An Improved Flexibility Metric Based on Kernel Density Estimators Applied on the Greek Power System

  • Konstantinos F. KrommydasEmail author
  • Akylas C. Stratigakos
  • Christos Dikaiakos
  • George P. Papaioannou
  • Elias Zafiropoulos
  • Lambros Ekonomou
Open Access
Conference paper
Part of the Lecture Notes in Electrical Engineering book series (LNEE, volume 610)

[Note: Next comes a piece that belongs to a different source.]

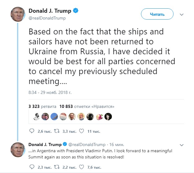 Він зазначив, що скасовує зустріч з Путіним на саміті G20 в Аргентині з огляду на те, що три кораблі ВМС України та екіпаж досі не повернуті в Україну.

The large-scale integration of variable renewable energy (VRE) in power systems, such as wind and solar, increases the flexibility needed to maintain the load-generation balance. In order for the power operators to plan for secure and reliable operation, they must examine whether there exists sufficient power system flexibility to meet ramps caused by the increased VRE integration and the system demand. In this context, the paper aims to propose an improved flexibility metric to accurately evaluate the flexibility level of a power system in the planning stage. The proposed metric is based on kernel density estimators and expresses the probability of the flexibility residual (the difference between the available flexibility and the expected net load ramps) being less than zero. The Greek power system is used as case study in order to evaluate the proposed index. In particular, the unit commitment optimization problem with flexibility constraints for ten different scenarios based on the ENTSO-E methodology for the time period 2020–2024 is solved and then the proposed metric is calculated. Finally, this index is compared to the well known insufficient ramping resource expectation (IRRE) metric to further evaluate it.

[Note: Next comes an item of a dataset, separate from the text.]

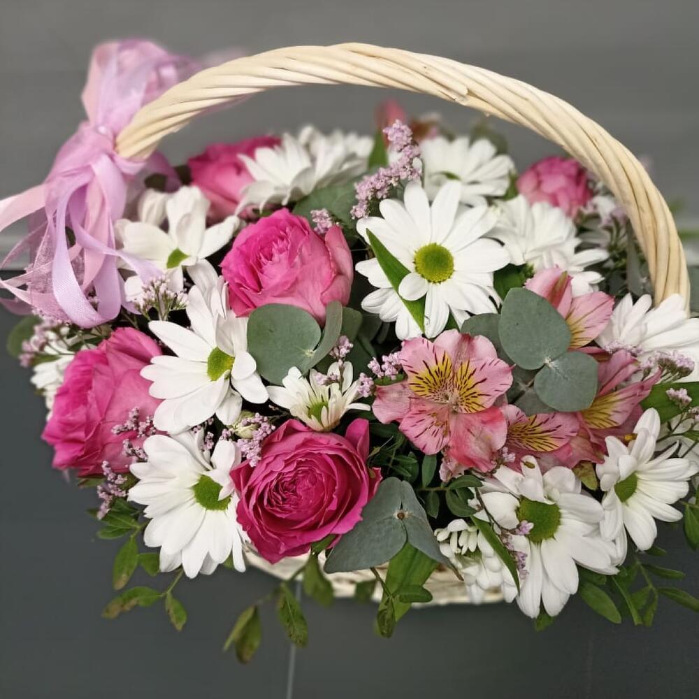 пионовидная кустовая роза misty bubbles – 3 шт.Альстромерия – 3 шт.Хризантема кустовая – 3 шт.Эвкалипт – 5 шт.Фисташка – 10 шт.Лимониум – 2 шт.Корзина плетеная – 1 шт.Оазис флористический – 1 шт.Лента атласная – 2 шт.

Flexibility metrics Unit commitment problem Kernel function 

1 Introduction

The increasing penetration of variable renewable energy (VRE) presents significant technical challenges for balancing the power system supply and demand. More specifically, as the integration of VRE increases, the net load, which is the difference between electrical load and renewable power becomes more variable with steeper ramps, shorter peaks, and lower turn-downs than the load itself [1]. Therefore, system flexibility or the ability of a system to meet changes in demand and VRE production plays a crucial role [2].

Until now, traditional capacity adequacy studies focused on the amount capacity available, the forced outage rate of each resource and the system demand. In these studies, metrics such as loss of expectation (LOLE) [3, 4], the expected energy not served (EENS) or well-being analysis [5] are standard measures by which a planned portfolio is evaluated and have served the industry well until now. However, as the shares of VRE increases, the planning approach will need to change and should incorporate new metrics and additional factors, such as the availability and ramp rate of the resources, start-up time and minimum stable operation of the conventional generating units, the variability and uncertainty of the net load and reserve provision planning. But assessing flexibility is not yet common practice. Although indirectly involved in the planning of most power systems, such assessments do not yet follow a comprehensive, transferable methodology that might facilitate common practice among operators. It is a highly complex process considering many operation and design aspects [6].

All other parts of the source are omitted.